BEGIN The data

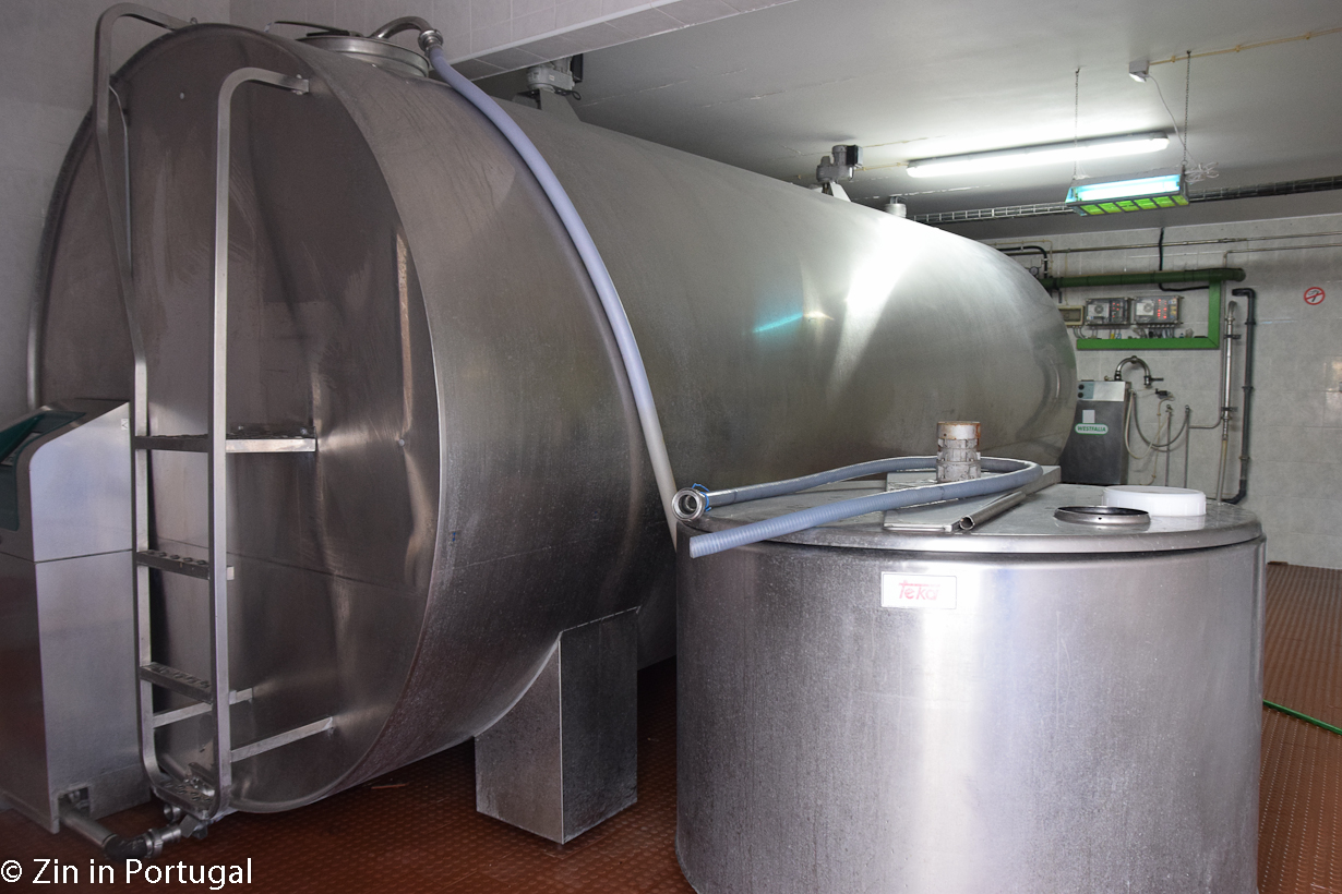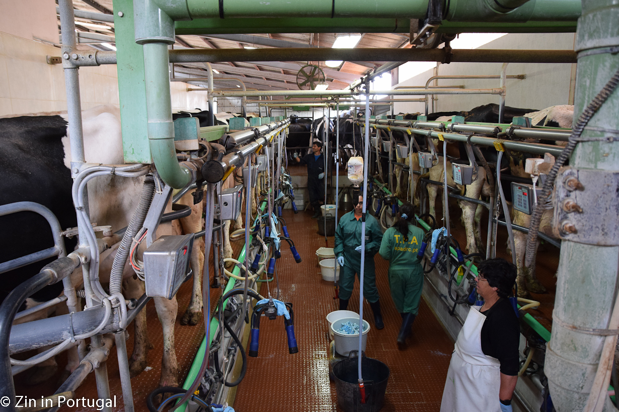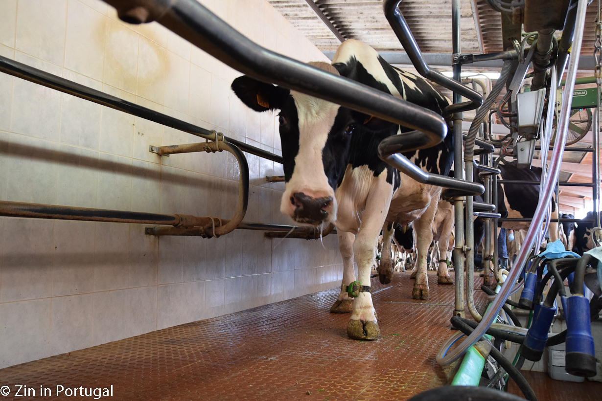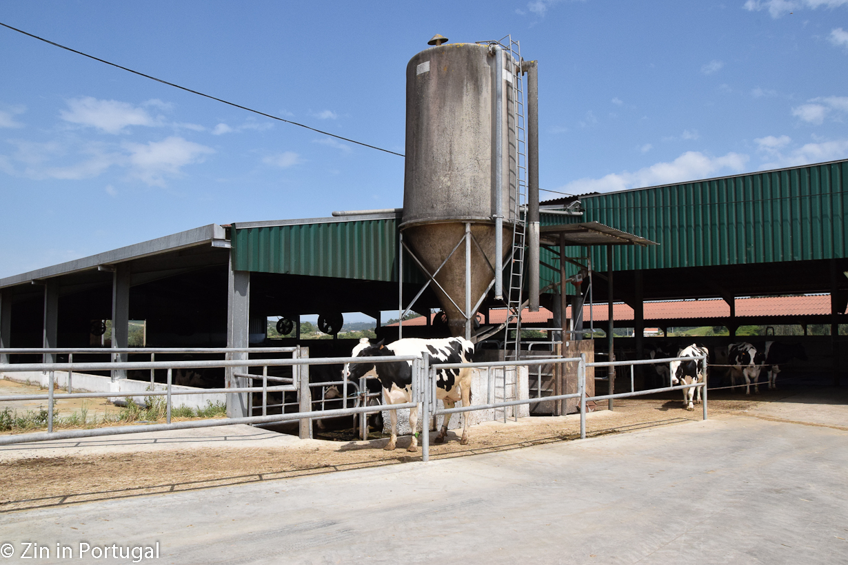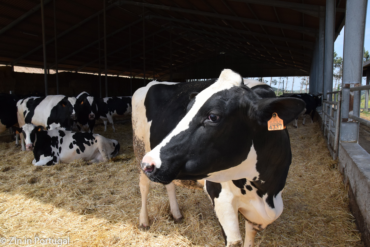 De koeien staan op stal, maar niet vast in kleine hokjes. Ze kunnen vrij rondlopen, gaan liggen, langs een borstel om hun rug te laten krabben of wat eten. De stal is een open ruimte met een dak erop. Zodra de temperatuur boven de 26 graden komt – en dat is in Portugal niet ongewoon – produceren de koeien minder melk. De dames houden niet van hitte. Begrijpelijk: hun voorvaderen komen immers uit koudere oorden. Om het in de stal bij hogere temperaturen voor de koeien aangenamer te maken gaan de grote ventilatoren aan en is er ter verkoeling van de veestapel een sproeisysteem aangebracht.
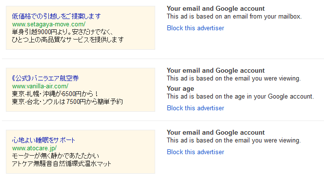 Googleはどうやって私に年頃の子供がいることを把握できたのか。やっぱりメールボックス内のメッセージの情報なんだろうか。
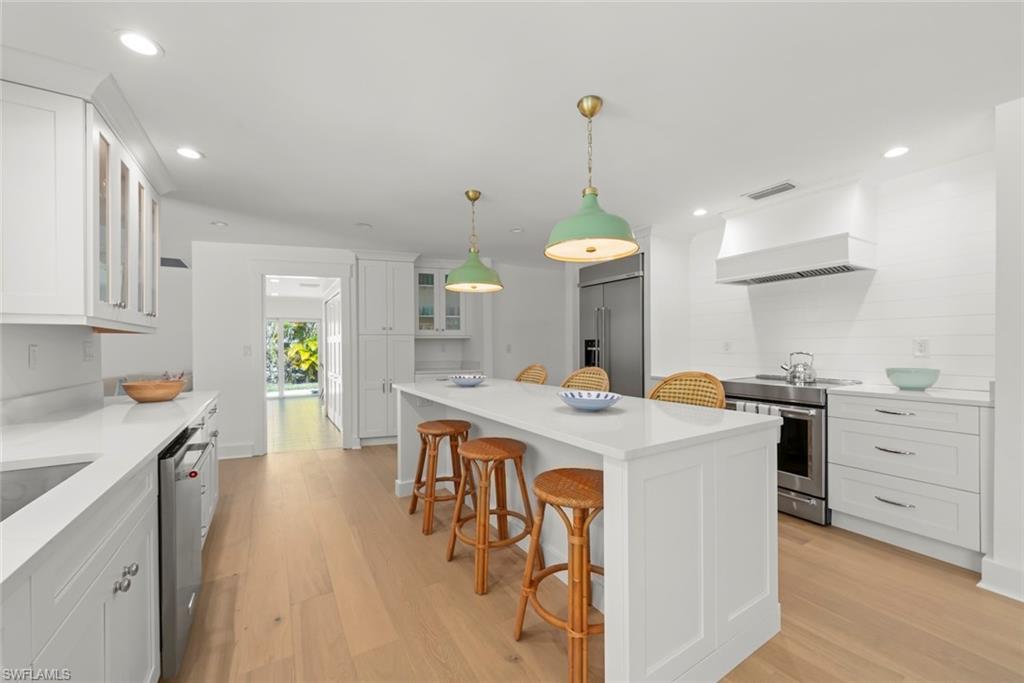 Beautiful East-End Sanibel retreat offering Gulf access, a private tropical pool setting, and convenient beach access just steps away. This charming 3BD/2BA home has been completely remodeled and thoughtfully reinvented, blending modern coastal elegance with relaxed island living. The updated kitchen serves as the heart of the home, featuring custom cabinetry, quartz countertops, designer lighting, new appliances, and a built-in wall pantry. An open split floor plan provides comfortable living and easy entertaining, with a spacious family room and full bath conveniently located just off the pool and lanai. The home offers abundant storage throughout, including a large storage closet off the family room and an expansive laundry room with a built-in desk/work area. Outdoor living shines with a screened lanai and sparkling pool surrounded by lush tropical landscaping, creating a private island retreat on an oversized 19,000+ sq. ft fenced lot. The peaceful canal setting offers Gulf access and exceptional privacy, while beach access is just moments away via the charming footbridge at the end of Anchor Drive.
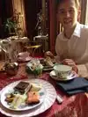 In all our travels, we include an afternoon tea experience; it makes a nice break from walking and sightseeing. Certain standards are always welcome: A beautiful venue? Check. Lovely presentation with informed and friendly service? Check. Delicious food? Check. This place included some surprises that only enhanced our time there. The starter course of either soup or fresh fruit salad (which we had) is great! Also new to us was the offer to pair a different tea with each course. How fun is that?? This meant the server had to pour the tea when needed which was always hot and fresh, rather than a pot on the table getting cold. The elegant layered crepe cake they serve for dessert is a tasty, exotic treat. Our server was knowledgeable, friendly, professional and prompt. We took public transportation and walked there without difficulty. This is not the snooty version of tea but recalls an gentle time of ladies and gentlemen.
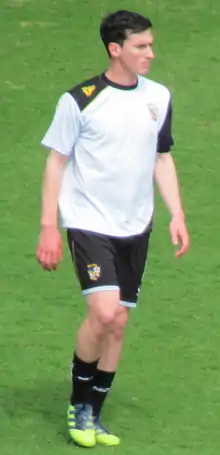 October opened with a dismal home draw with Dagenham & Redbridge, with goalkeeper Chris Neal making an uncharacteristic error to allow a blunted "Daggers" attack to claim an unlikely goal.[11] The team then rallied to produce a convincing 2–0 win away at fourth-placed Exeter City, Pope's two goals taking him into double figures with 35 league games yet to play.[11] However, injuries took hold of the small squad, with captain Loft sidelined with a calf injury,[14] and winger Lewis Haldane forced to announce his retirement after failing to recover from a broken leg he sustained in August 2011.[15] They played Oxford United on a Monday night in front of the Sky Sports cameras, and did themselves justice with a convincing 3–0 win, with both Ashley Vincent and Sam Morsy scoring impressive goals.[11] An injury/suspension crisis in midfield then did little to prevent a patched up Vale side to come from behind to beat Gareth Ainsworth's Wycombe Wanderers 4–1.[11] They then travelled to Staffordshire rivals Burton Albion, and battled to a 1–1 draw after falling behind to a fluke goal.[11] The month ended on a sour note at Sixfields, as John McCombe was sent off after breaking the leg of Northampton Town goalscorer Alex Nicholls; injuries and suspensions left teenagers Joe Davis and Kingsley James to form a makeshift centre-back partnership, though the score was kept to a respectable 2–0.[11] For a second-successive time, a Vale player was named the division's Player of the Month; Ashley Vincent took the award, but credited his teammates, saying "this award is as much for them as it is for me".[16]
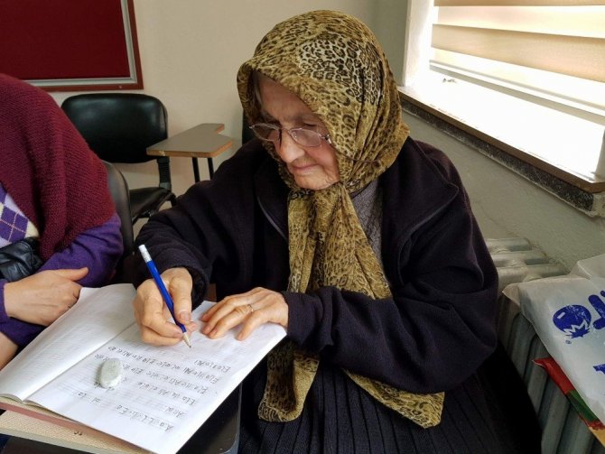 Cumhurbaşkanı Recep Tayyip Erdoğan ve eşi Emine Erdoğan tarafından başlatılan ‘Okuryazarlık Seferberliği!ne Nazilli’den dahil olan 84 yaşındaki Hacer Büyükyapıcı, kurslara kızı ile beraber gelerek oku...

END The data

**Your assignment:** For the entries above, return an exact copy that omits the images.

**Answer box:**
 De koeien staan op stal, maar niet vast in kleine hokjes. Ze kunnen vrij rondlopen, gaan liggen, langs een borstel om hun rug te laten krabben of wat eten. De stal is een open ruimte met een dak erop. Zodra de temperatuur boven de 26 graden komt – en dat is in Portugal niet ongewoon – produceren de koeien minder melk. De dames houden niet van hitte. Begrijpelijk: hun voorvaderen komen immers uit koudere oorden. Om het in de stal bij hogere temperaturen voor de koeien aangenamer te maken gaan de grote ventilatoren aan en is er ter verkoeling van de veestapel een sproeisysteem aangebracht.
 Googleはどうやって私に年頃の子供がいることを把握できたのか。やっぱりメールボックス内のメッセージの情報なんだろうか。
 Beautiful East-End Sanibel retreat offering Gulf access, a private tropical pool setting, and convenient beach access just steps away. This charming 3BD/2BA home has been completely remodeled and thoughtfully reinvented, blending modern coastal elegance with relaxed island living. The updated kitchen serves as the heart of the home, featuring custom cabinetry, quartz countertops, designer lighting, new appliances, and a built-in wall pantry. An open split floor plan provides comfortable living and easy entertaining, with a spacious family room and full bath conveniently located just off the pool and lanai. The home offers abundant storage throughout, including a large storage closet off the family room and an expansive laundry room with a built-in desk/work area. Outdoor living shines with a screened lanai and sparkling pool surrounded by lush tropical landscaping, creating a private island retreat on an oversized 19,000+ sq. ft fenced lot. The peaceful canal setting offers Gulf access and exceptional privacy, while beach access is just moments away via the charming footbridge at the end of Anchor Drive.
 In all our travels, we include an afternoon tea experience; it makes a nice break from walking and sightseeing. Certain standards are always welcome: A beautiful venue? Check. Lovely presentation with informed and friendly service? Check. Delicious food? Check. This place included some surprises that only enhanced our time there. The starter course of either soup or fresh fruit salad (which we had) is great! Also new to us was the offer to pair a different tea with each course. How fun is that?? This meant the server had to pour the tea when needed which was always hot and fresh, rather than a pot on the table getting cold. The elegant layered crepe cake they serve for dessert is a tasty, exotic treat. Our server was knowledgeable, friendly, professional and prompt. We took public transportation and walked there without difficulty. This is not the snooty version of tea but recalls an gentle time of ladies and gentlemen.
 October opened with a dismal home draw with Dagenham & Redbridge, with goalkeeper Chris Neal making an uncharacteristic error to allow a blunted "Daggers" attack to claim an unlikely goal.[11] The team then rallied to produce a convincing 2–0 win away at fourth-placed Exeter City, Pope's two goals taking him into double figures with 35 league games yet to play.[11] However, injuries took hold of the small squad, with captain Loft sidelined with a calf injury,[14] and winger Lewis Haldane forced to announce his retirement after failing to recover from a broken leg he sustained in August 2011.[15] They played Oxford United on a Monday night in front of the Sky Sports cameras, and did themselves justice with a convincing 3–0 win, with both Ashley Vincent and Sam Morsy scoring impressive goals.[11] An injury/suspension crisis in midfield then did little to prevent a patched up Vale side to come from behind to beat Gareth Ainsworth's Wycombe Wanderers 4–1.[11] They then travelled to Staffordshire rivals Burton Albion, and battled to a 1–1 draw after falling behind to a fluke goal.[11] The month ended on a sour note at Sixfields, as John McCombe was sent off after breaking the leg of Northampton Town goalscorer Alex Nicholls; injuries and suspensions left teenagers Joe Davis and Kingsley James to form a makeshift centre-back partnership, though the score was kept to a respectable 2–0.[11] For a second-successive time, a Vale player was named the division's Player of the Month; Ashley Vincent took the award, but credited his teammates, saying "this award is as much for them as it is for me".[16]
 Cumhurbaşkanı Recep Tayyip Erdoğan ve eşi Emine Erdoğan tarafından başlatılan ‘Okuryazarlık Seferberliği!ne Nazilli’den dahil olan 84 yaşındaki Hacer Büyükyapıcı, kurslara kızı ile beraber gelerek oku...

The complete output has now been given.